--- Work item ---
Pictures in the data should be dropped; transcribe exactly the lines from the one that has "Mendler 6er-Set Esszimmerstuhl" through the one that has "Abito Chemisier Pinko".

Materials provided section start

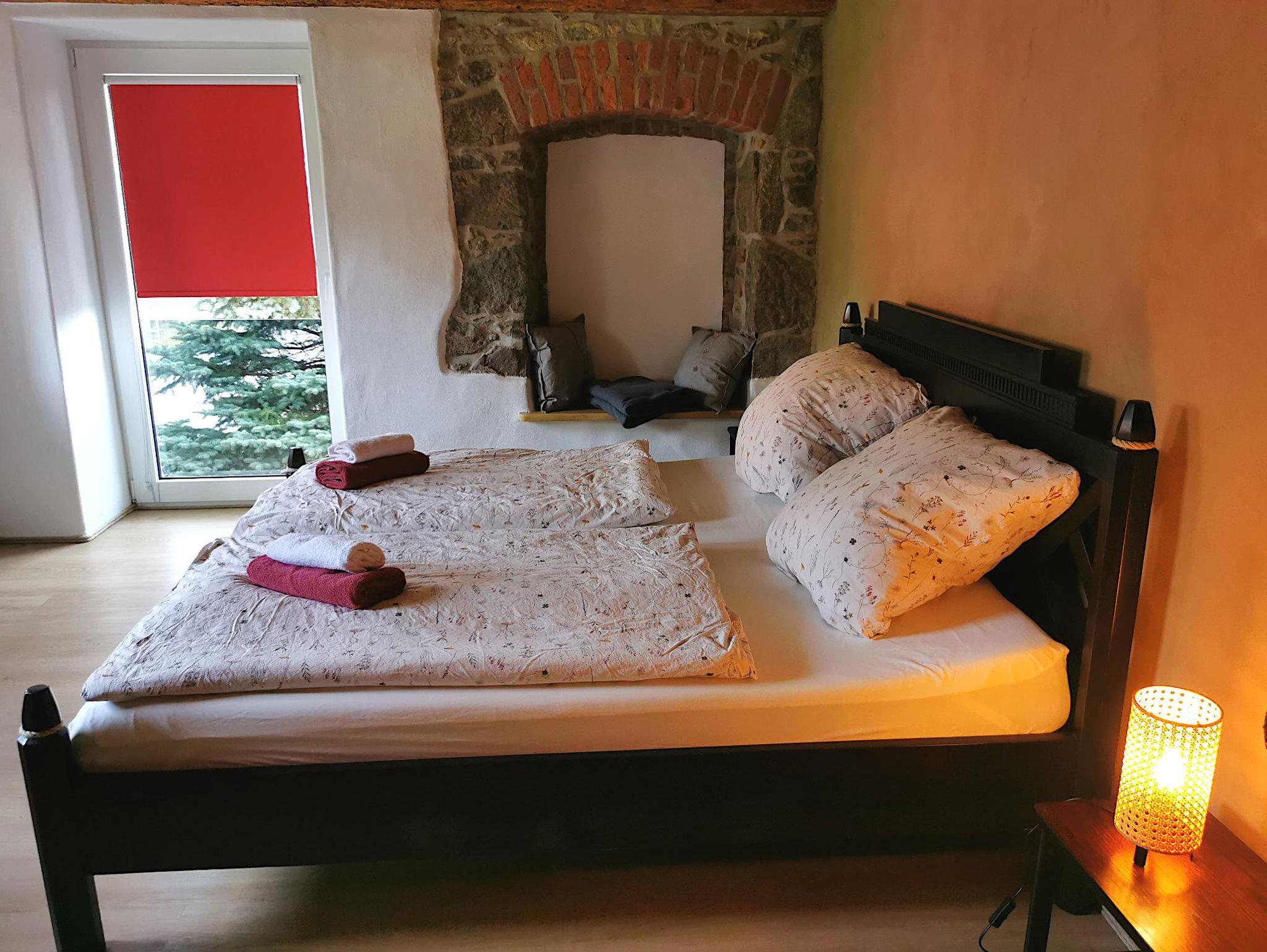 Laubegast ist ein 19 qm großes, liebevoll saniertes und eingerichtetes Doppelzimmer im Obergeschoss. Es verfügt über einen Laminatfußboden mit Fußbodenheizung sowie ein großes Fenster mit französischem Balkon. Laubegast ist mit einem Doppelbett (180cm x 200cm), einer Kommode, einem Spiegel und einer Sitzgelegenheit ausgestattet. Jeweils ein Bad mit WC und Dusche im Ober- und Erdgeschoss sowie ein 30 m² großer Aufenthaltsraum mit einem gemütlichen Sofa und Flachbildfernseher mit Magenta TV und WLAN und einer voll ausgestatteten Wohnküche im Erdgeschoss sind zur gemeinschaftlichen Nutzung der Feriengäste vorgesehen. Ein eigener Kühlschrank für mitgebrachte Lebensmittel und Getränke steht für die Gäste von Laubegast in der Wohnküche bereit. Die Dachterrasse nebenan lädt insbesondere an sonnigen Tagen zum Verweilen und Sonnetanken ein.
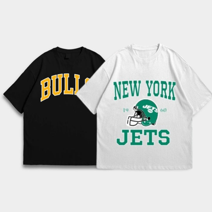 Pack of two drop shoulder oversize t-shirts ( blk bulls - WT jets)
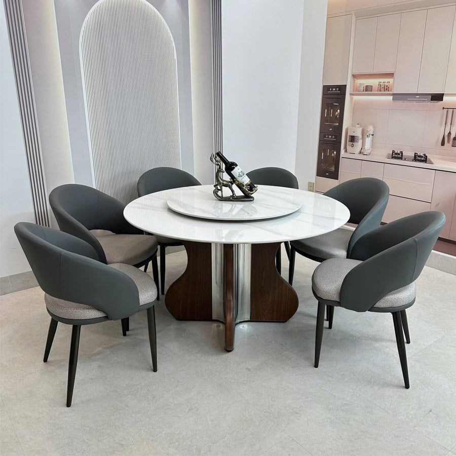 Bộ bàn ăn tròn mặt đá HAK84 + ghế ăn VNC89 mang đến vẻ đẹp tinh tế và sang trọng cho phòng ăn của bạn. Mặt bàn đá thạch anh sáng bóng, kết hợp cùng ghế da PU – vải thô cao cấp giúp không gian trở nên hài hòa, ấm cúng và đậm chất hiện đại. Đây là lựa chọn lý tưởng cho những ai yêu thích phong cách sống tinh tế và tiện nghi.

Materials provided section end
Materials provided section start

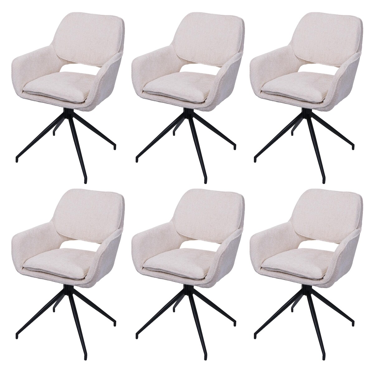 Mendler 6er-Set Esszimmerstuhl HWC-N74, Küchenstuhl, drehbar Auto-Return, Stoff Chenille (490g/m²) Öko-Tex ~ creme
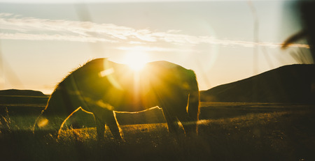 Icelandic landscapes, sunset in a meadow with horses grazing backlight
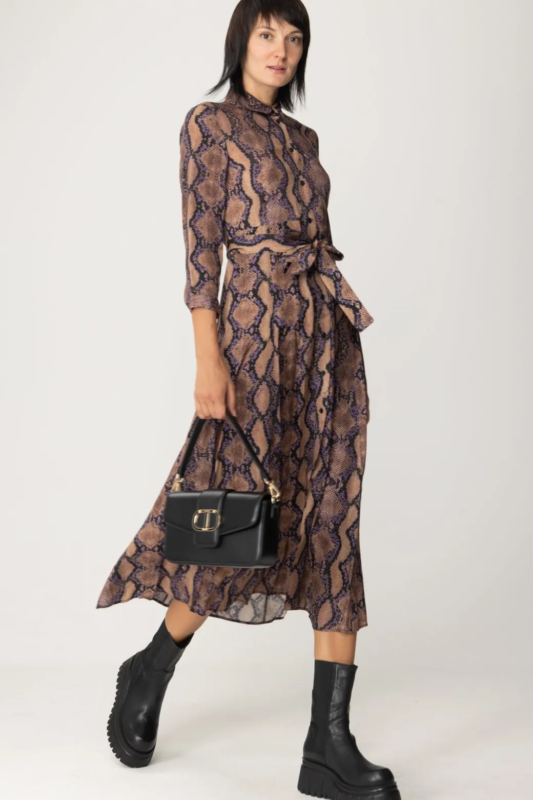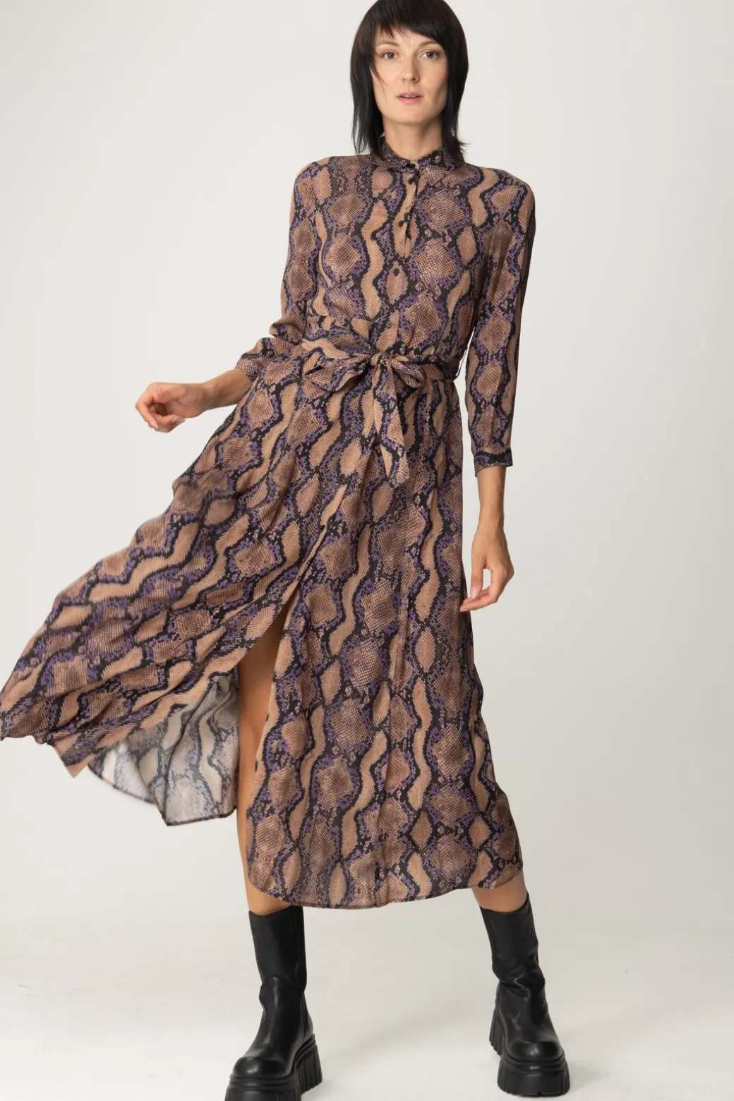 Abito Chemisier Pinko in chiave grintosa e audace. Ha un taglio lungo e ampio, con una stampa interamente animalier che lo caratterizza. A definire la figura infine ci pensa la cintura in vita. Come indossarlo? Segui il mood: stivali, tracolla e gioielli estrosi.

Materials provided section end
Materials provided section start

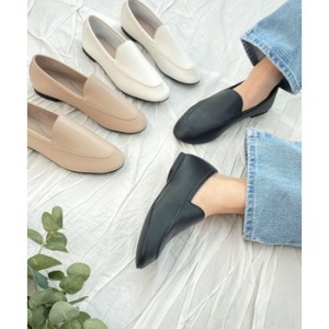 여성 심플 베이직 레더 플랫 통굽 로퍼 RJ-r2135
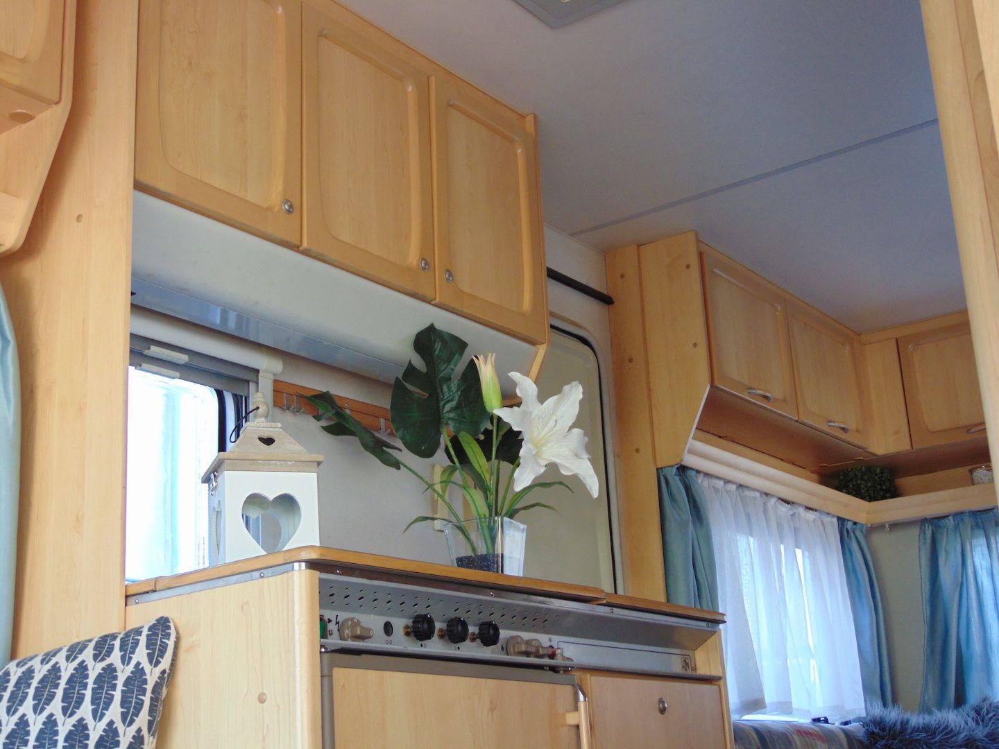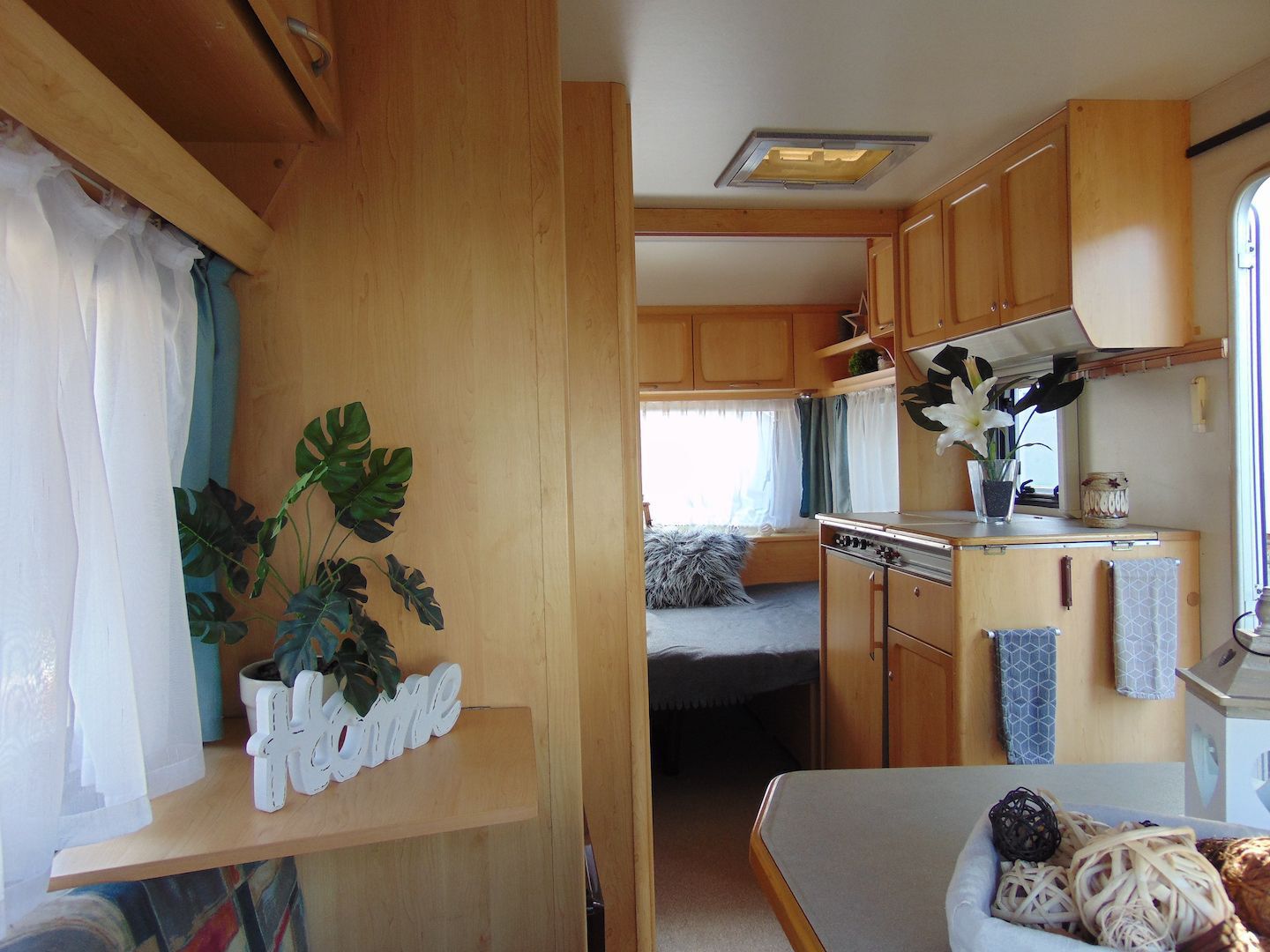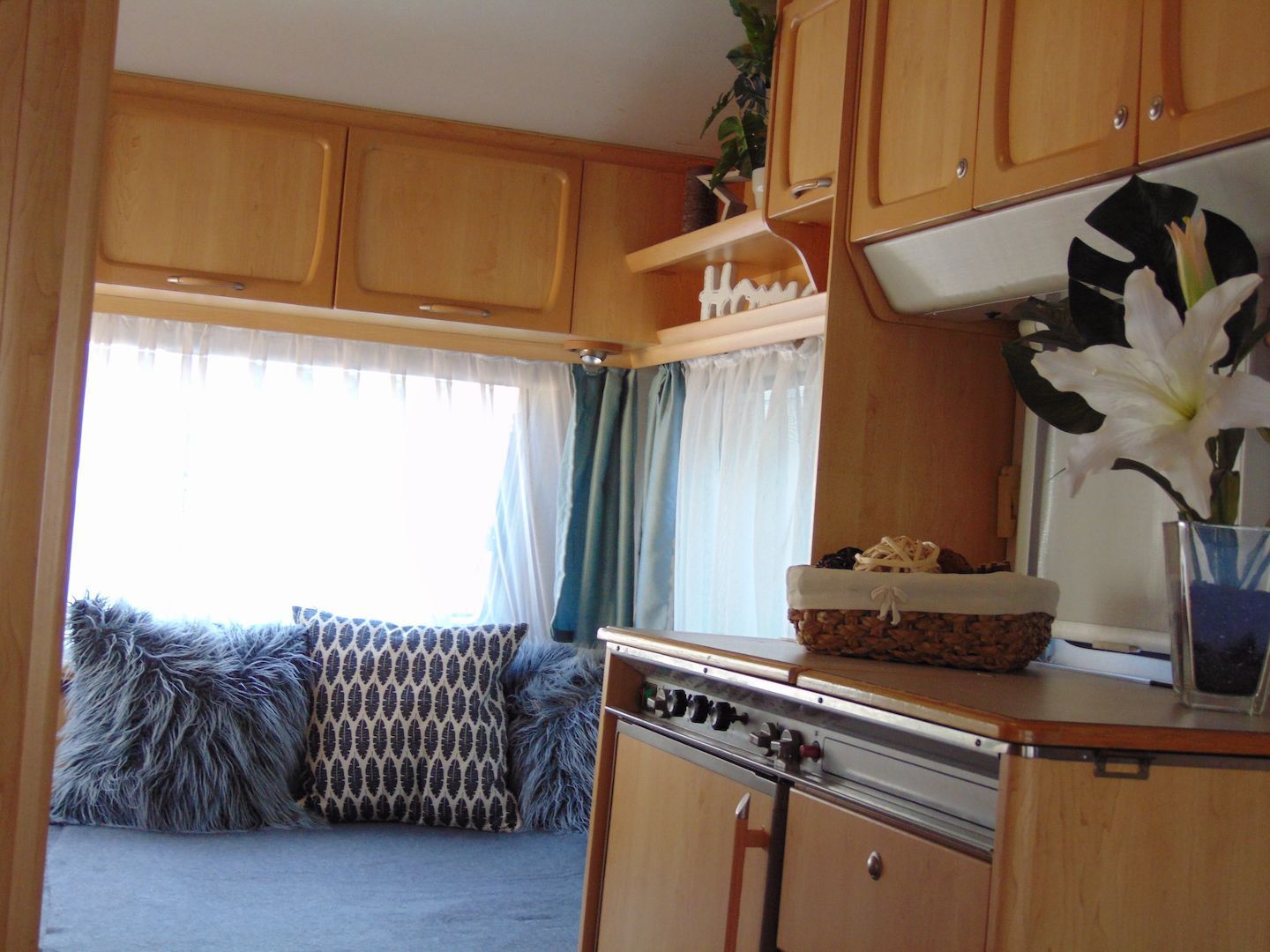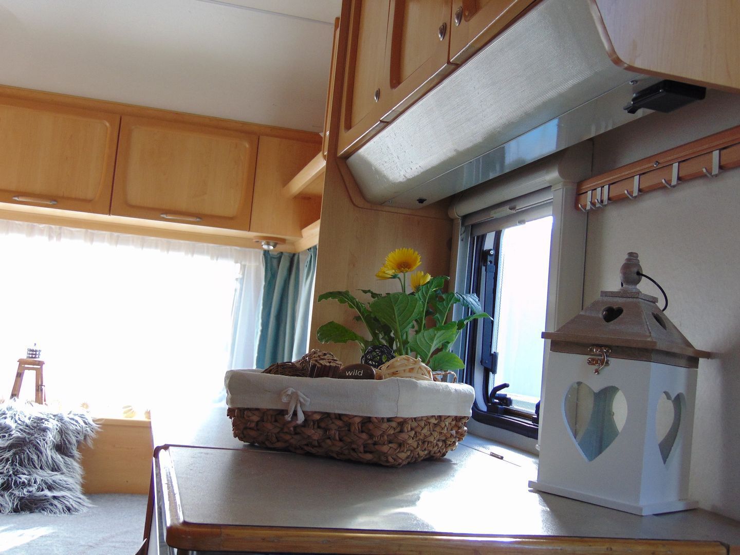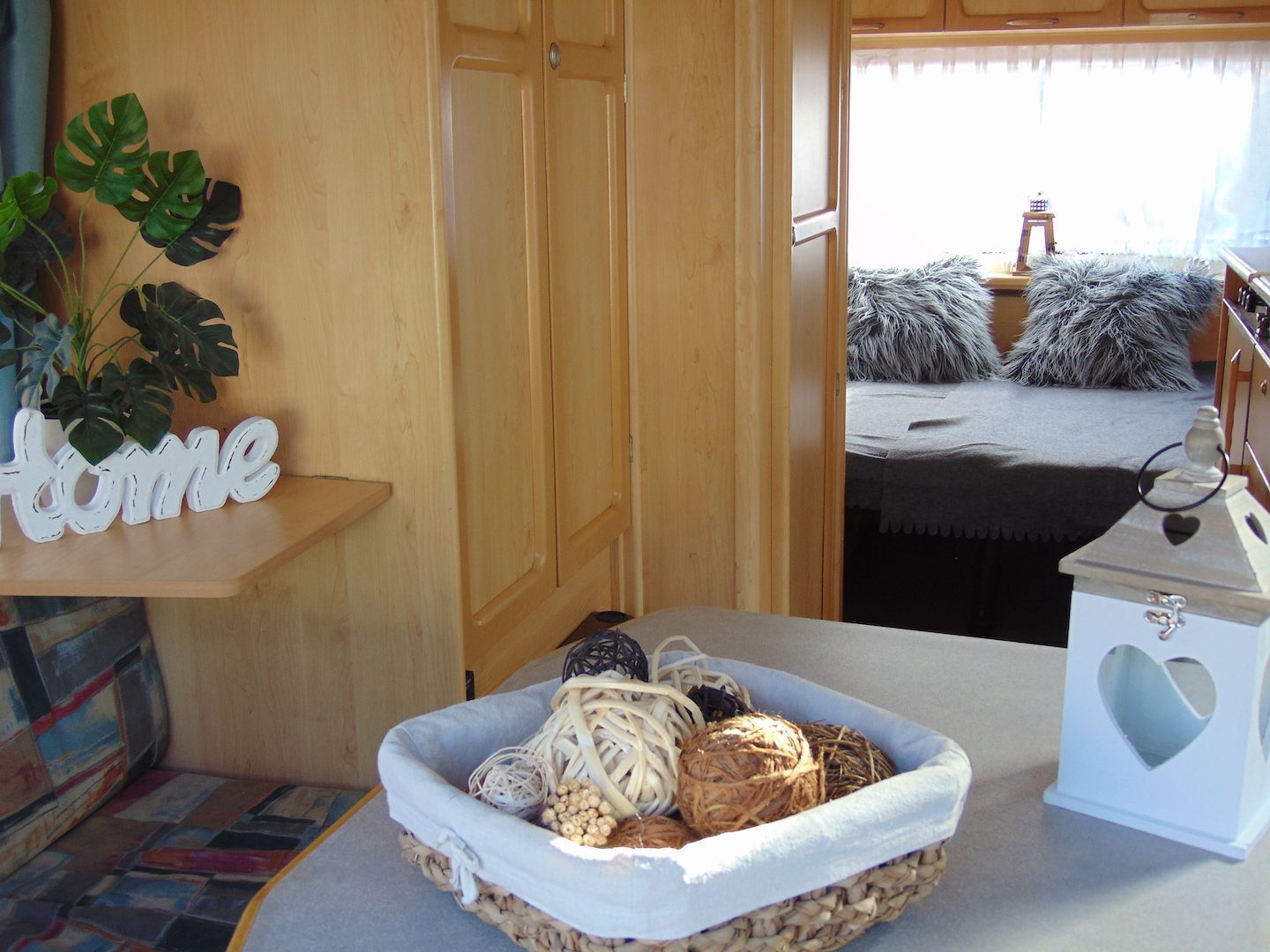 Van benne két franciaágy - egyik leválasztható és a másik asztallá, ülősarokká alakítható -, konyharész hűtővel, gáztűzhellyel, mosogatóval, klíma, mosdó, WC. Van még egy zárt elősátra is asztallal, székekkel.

Materials provided section end

--- Task response ---
 Mendler 6er-Set Esszimmerstuhl HWC-N74, Küchenstuhl, drehbar Auto-Return, Stoff Chenille (490g/m²) Öko-Tex ~ creme
 Icelandic landscapes, sunset in a meadow with horses grazing backlight
 Abito Chemisier Pinko in chiave grintosa e audace. Ha un taglio lungo e ampio, con una stampa interamente animalier che lo caratterizza. A definire la figura infine ci pensa la cintura in vita. Come indossarlo? Segui il mood: stivali, tracolla e gioielli estrosi.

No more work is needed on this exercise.